Eleven total board-certified GR and NR readers assessed all 244 NCCT scans using local installations of DICOM images through a viewing platform (Osirix, Geneva, Switzerland). Expert readers interpreted the images using only soft tissue kernels with 5 mm slice thickness, including multiplanar reformats. All readers performed interpretations blinded to the AI software results and clinical information. Readers then assessed for ICH, and if ICH was not present, they then assessed for suspected LVO. The reference truth for ICH was based on a consensus of two of three neuroradiologists evaluating the NCCT scan using the same parameters. Scans that expert readers identified with ICH were classified as No LVO for LVO performance assessment.

Stand-alone performance was based on the reference LVO assessment which was determined by a consensus of two of three neuroradiologists based on a CTA performed concurrently with the NCCT. CTA assessments were performed on maximum intensity projection (MIP) images based on 3 mm slice thickness using a soft tissue kernel six weeks after the initial NCCT assessment.

A board-certified NR (JJH, 10 years of experience) independently reviewed cases deemed positive for LVO to screen for suspected vessel calcification in the distal intracranial ICA or M1 segment of the MCA. This review was based on binary determination of presence or absence of vessel calcification. Cases interpreted as positive for ICH were not assessed for vessel calcifications and classified as “No LVO.”

The primary endpoint was sensitivity and specificity of the software as compared to those of the GR and NR readers who were blinded to the CTA results. In total, eight GR and three NR expert readers (different individuals than the experts who determined the reference standard on the CTAs) participated in this phase of the study. Readers were instructed to consider both the presence of HVS as well as early parenchymal signs of brain ischemia when making their determination of LVO. The primary hypothesis was that the automated software would have a higher sensitivity than GR for detecting LVO and be non-inferior to NR readers. If non-inferiority was achieved, then the software would be tested for superiority against all readers as well as NR readers alone. Overall accuracy was also compared between the software and individual readers to assess for both sensitivity and specificity.

Statistical analysis

Sensitivity and specificity analyses were calculated by comparison of the software results to the CTA reference standard for LVO for the stand-alone evaluation Subsequently, the sensitivity of the software was compared to the GR and NR readers using a t-test of either superiority or non-inferiority (NI) with a 0.025 margin.
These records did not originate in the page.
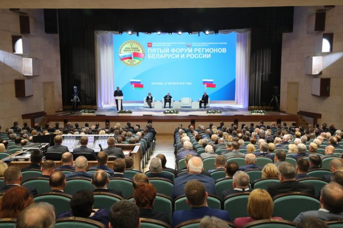 V Форум регионов Беларуси и России проходит в Могилеве. В нем принимают участие лидеры государств Александр Лукашенко и Владимир Путин, а также более 20 российских губернаторов.
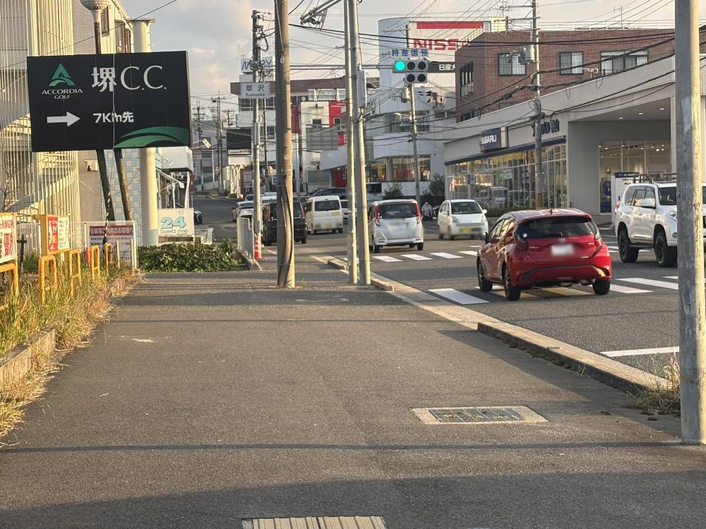 ここから西除川沿いに歩いていきましょう。画像の車の通りの多い道は、狭山池通り(大阪府道202号線)で、この通りに架けられた橋の名前は狭山池橋です。
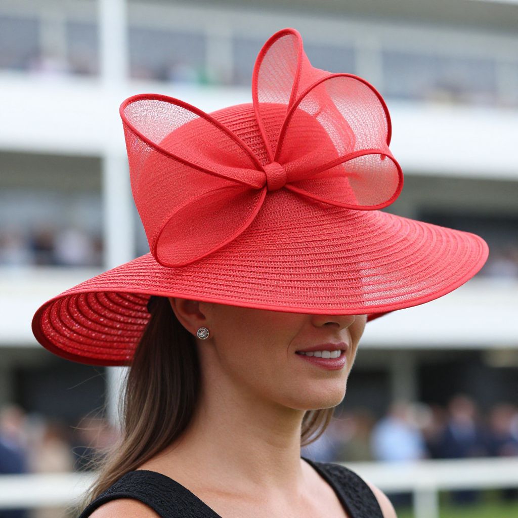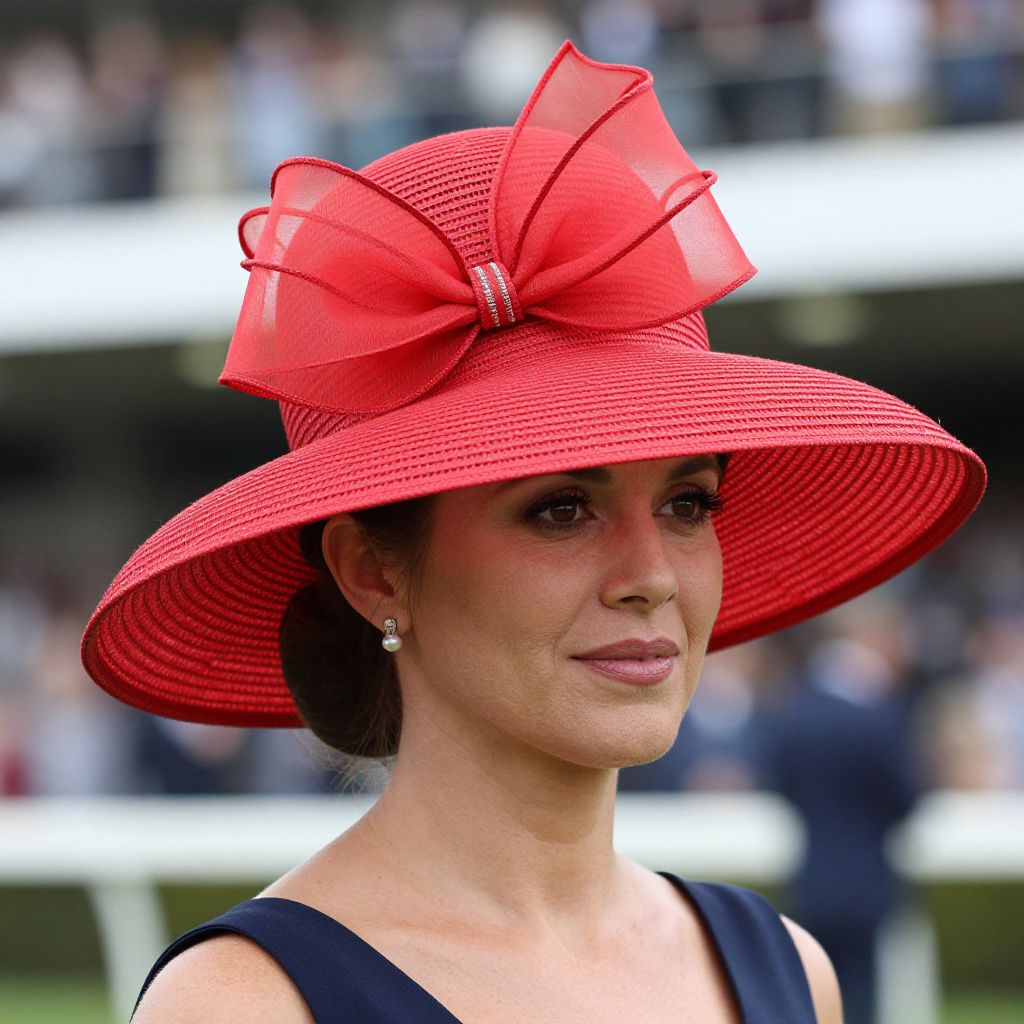 Woman wearing a vibrant red wide-brimmed hat adorned with a large bow, styled for Melbourne Cup Ascot Derby races, available for purchase online in Australia as S970R.
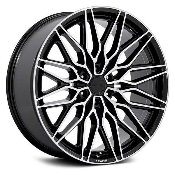 Niche Calabria 6 Gloss Black with Machined Lip 6-Lug Wheel; 22x9.5; 19mm Offset. The Niche Calabria 6 Gloss Black with Machined Lip 6-Lug Wheel offers a striking balance of style and refinement. Its unique design accentuates the vehicle's aesthetic, while the premium construction underscores its robust nature. This wheel is a perfect choice for those seeking both elegance and a strong visual statement.
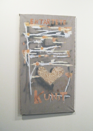 Peter Gallo, Entartete Kunst, 2007 Oil, spray paint and egg shells on bed ticking Private Collection; courtesy of the artist and Sunday L.E.S, New York | |||

The test statistic is (average reader - software – NI margin)/standard error (readers) and the sign of the NI margin is based on if we are testing NI or superiority.

Results

Ultimately, a total of 244 cases were included in this study. Of the 244, 115 were LVO (115/244, 47.1%) and 26 (26/244, 10.7%) were ICHs based on the consensus of two of three expert neuroradiologists. One hundred three cases (103/244, 42.2%) were independently reviewed for suspected vessel calcification after initial screening. One hundred three cases (103/244, 42.2%) did not have LVO nor ICH.
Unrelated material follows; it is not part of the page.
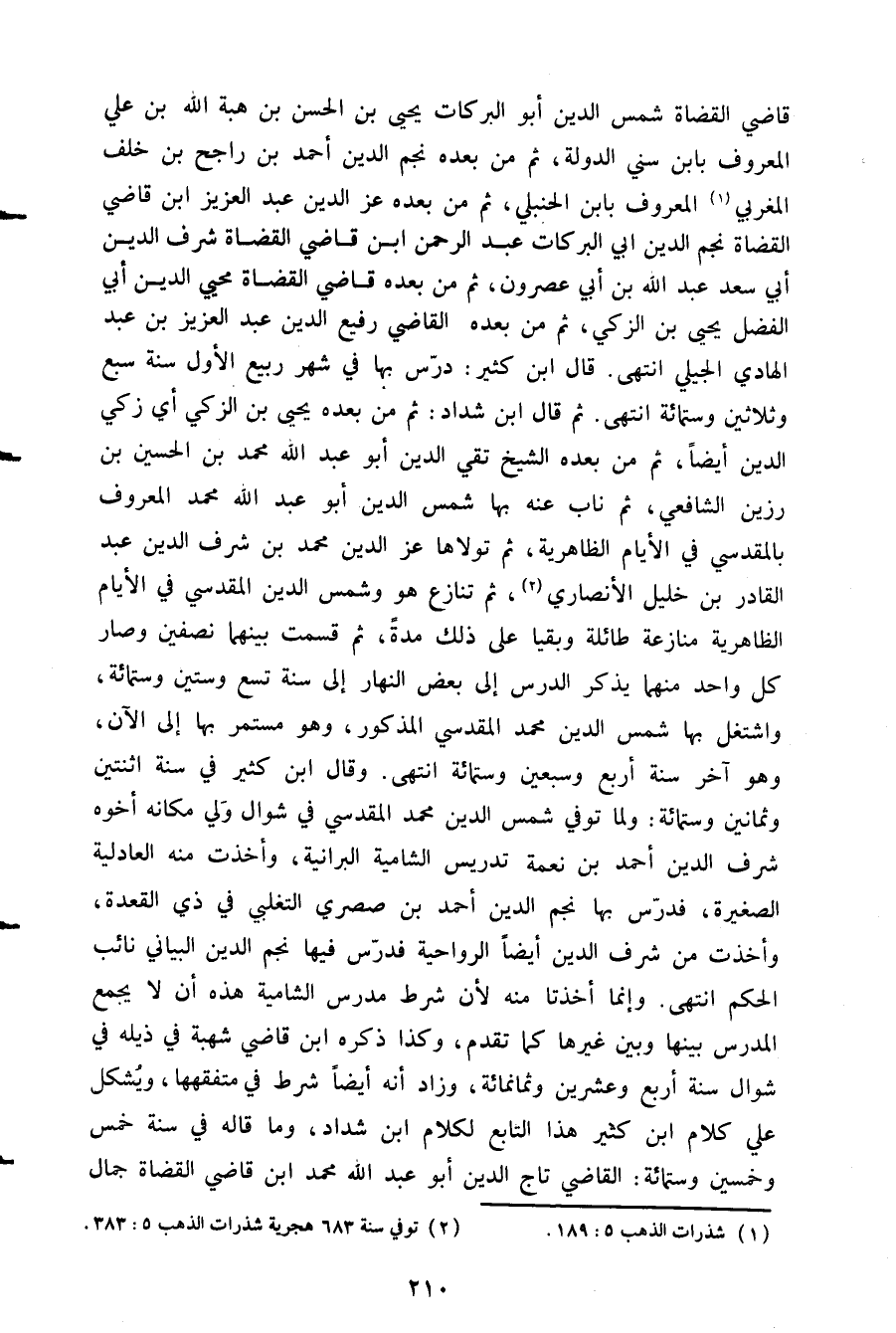 قاضي القضاة شمس الدين أبو البركات يحيى بن الحسن بن هبة الله بن علي المعروف بابن سني الدولة ثم من بعده نجم الدين أحمد بن راجح بن خلف المغربي المعروف بابن الحنبلي ثم من بعده عز الدين عبد العزيز ابن قاضي القضاة نجم الدين ابي البركات عبد الرحمن ابن قاضي القضاة شرف الدين أبي سعد عبد الله بن أبي عصرون ثم من بعده قاضي القضاة محيي الدين أبي الفضل يحيى بن الزكي ثم من بعده القاضي رفيع الدين عبد العزيز بن عبد الهادي الجيلي انتهى قال ابن كثير درس بها في شهر ربيع الأول سنة سبع وثلاثين وستمائة انتهى ثم قال ابن شداد ثم من بعده يحيى بن الزكي أي زكي الدين أيضا ثم من بعده الشيخ تقي الدين أبو عبد الله محمد بن الحسين بن رزين الشافعي ثم ناب عنه بها شمس الدين أبو عبد الله محمد المعروف بالمقدسي في الأيام الظاهرية ثم تولاها عز الدين محمد بن شرف الدين عبد القادر بن خليل الأنصاري ثم تنازع هو وشمس الدين المقدسي في الأيام الظاهرية منازعة طائلة وبقيا على ذلك مدة ثم قسمت بينهما نصفين وصار كل واحد منهما يذكر الدرس إلى بعض النهار إلى سنة تسع وستين وستمائة واشتغل بها شمس الدين محمد المقدسي المذكور وهو مستمر بها إلى الآن وهو آخر سنة أربع وسبعين وستمائة انتهى وقال ابن كثير في سنة اثنتين وثمانين وستمائة ولما توفي شمس الدين محمد المقدسي في شوال ولي مكانه أخوه شرف الدين أحمد بن نعمة تدريس الشامية البرانية وأخذت منه العادلية الصغيرة فدرس بها نجم الدين أحمد بن صصري التغلبي في ذي القعدة وأخذت من شرف الدين أيضا الرواحية فدرس فيها نجم الدين البياني نائب الحكم انتهى وإنما أخذتا منه لأن شرط مدرس الشامية هذه أن لا يجمع المدرس بينها وبين غيرها كما تقدم وكذا ذكره ابن قاضي شهبة في ذيله في شوال سنة أربع وعشرين وثمانمائة وزاد أنه أيضا شرط في متفقهها ويشكل علي كلام ابن كثير هذا التابع لكلام ابن شداد وما قاله في سنة خمس وخمسين وستمائة القاضي تاج الدين أبو عبد الله محمد ابن قاضي القضاة جمال

NCCT stroke stand-alone performance

LVO: The software identified 73 true suspected LVOs (73/115, 63.5%) with 42 false negatives (42/115, 36.5%). It also correctly categorized 90 cases (90/115, 78.2%) where LVO was not present with five false positives (5/115, 4.3%). This resulted in a sensitivity of 63.5% (95% CI:54.4–71.7%) and specificity of 95.1% (95% CI: 89.1–97.9%).

ICH: The software identified suspected ICH in 25 of the 26 cases (25/26, 96.1%). Among the 217 ICH-negative cases, the software correctly identified the absence of ICH in 216 (216/217, 99.5%), with one false positive (1,217, 0.4%). The overall sensitivity and specificity for ICH detection were 96.2% (95% CI: 81.1–99.3%) and 99.5% (95% CI: 97.4–99.9%), respectively.
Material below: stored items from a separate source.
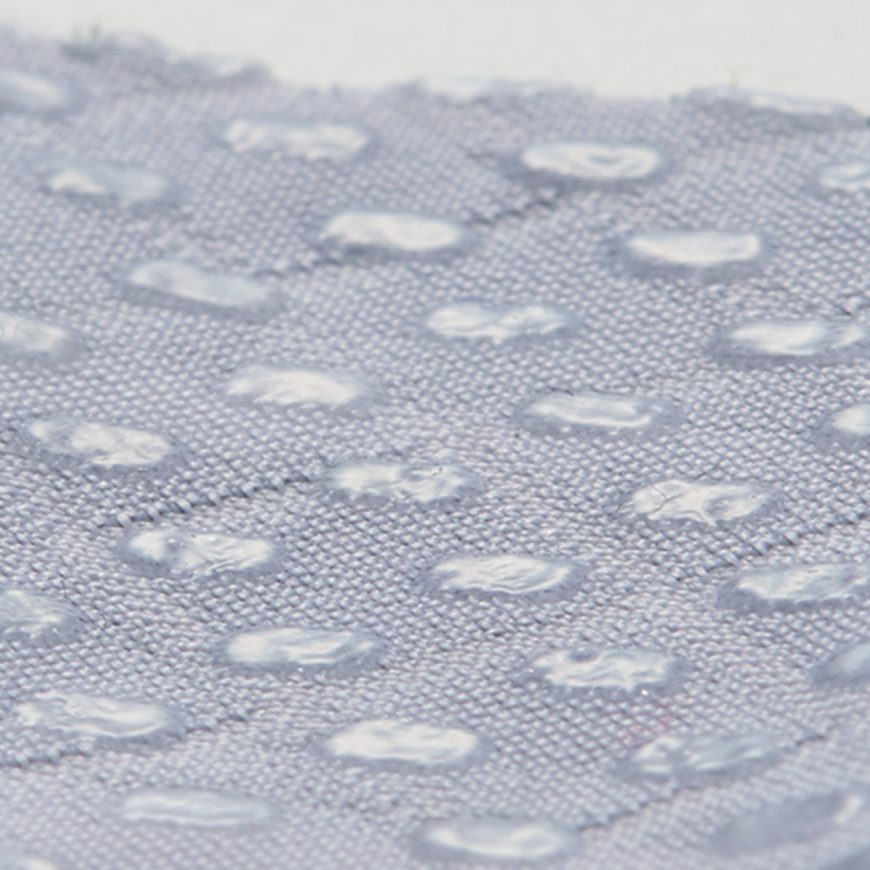 Rising hem prevention A specification designed to prevent hems from rising by adding a silicon working on the inside of the hems.
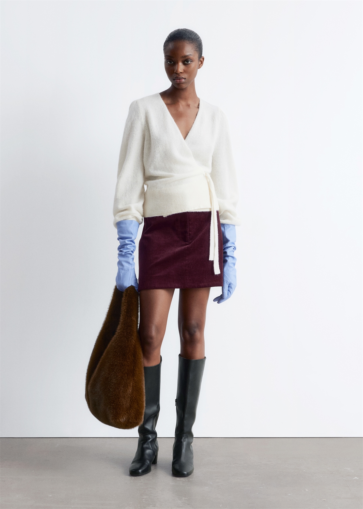 Вязаный из смеси мериносовой шерсти и мохера, этот кардиган с завязками, длинными пышными рукавами, ребристыми манжетами и подолом. 39% шерсти RWS TE-00047206 32% мохера RMS TE-00047206 Длина джемпера: 56 см / 22" (размер S)
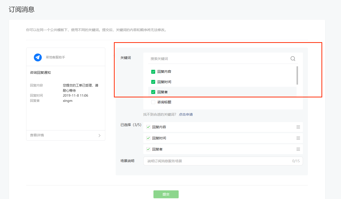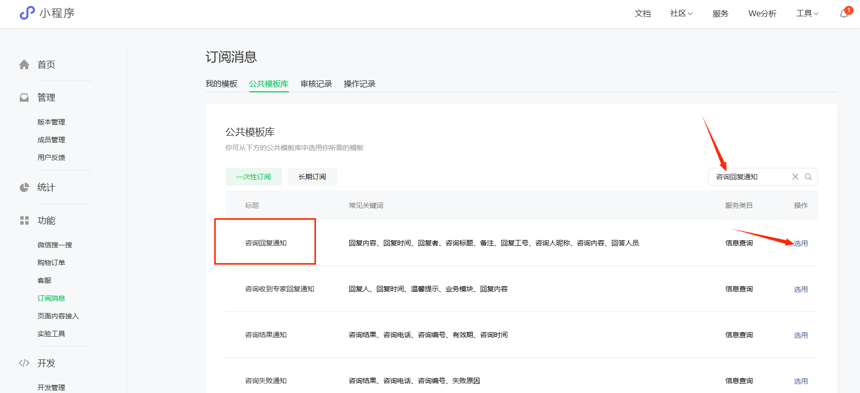在公共模板库里搜索一下,选用“咨询回复通知”
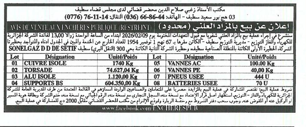 | Objet: Vente divers équipements et matériels | |
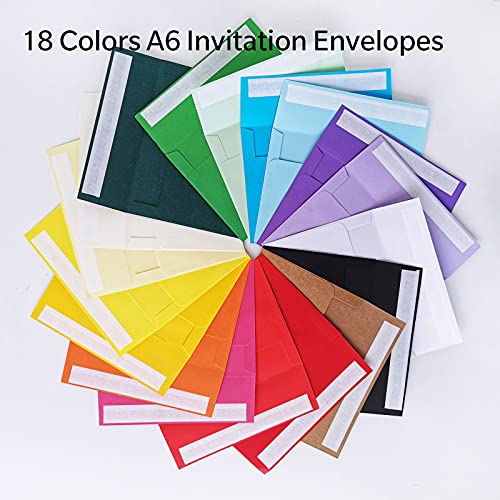 Specification: 108 Sets 18 Colors A6 Invitation Envelopes Peel & Seal Self-Seal 4 3/4 x 6 1/2 Envelopes with Blank A6 Folded Cards…

Comparison with GR and NR readers – LVO detection

Eleven total readers independently assessed the presence of LVO. Sensitivities ranged from 20% up to 64.3% with specificities ranging from 70.9% up to 100%. See Figure 1 for details of the independent readers in comparison to the platform. Comparison of sensitivities of RAPID and expert readers are shown in Table 1.

FIGURE 1
www.frontiersin.org

Figure 1. (A) Shows sensitivity for LVO detection with 95% CI for each reader and for the Rapid software. The light grey band covers the 95% CI on the Rapid estimate. This allows a visual comparison of individual readers to the Rapid performance. The order of the readers is listed based on highest sensitivity. (B) Shows specificity for LVO detection with 95% CI for each reader and for the Rapid software. The light grey band covers the 95% CI on the Rapid estimate. This allows a visual comparison of individual readers to the Rapid performance. The order of the readers is listed based on highest sensitivity. Note that readers with higher sensitivity tended to have lower specificity. GR, general radiologist; NR, neuroradiologist.

TABLE 1
www.frontiersin.org

Table 1. Sensitivity comparison of Rapid with GR and NR readers.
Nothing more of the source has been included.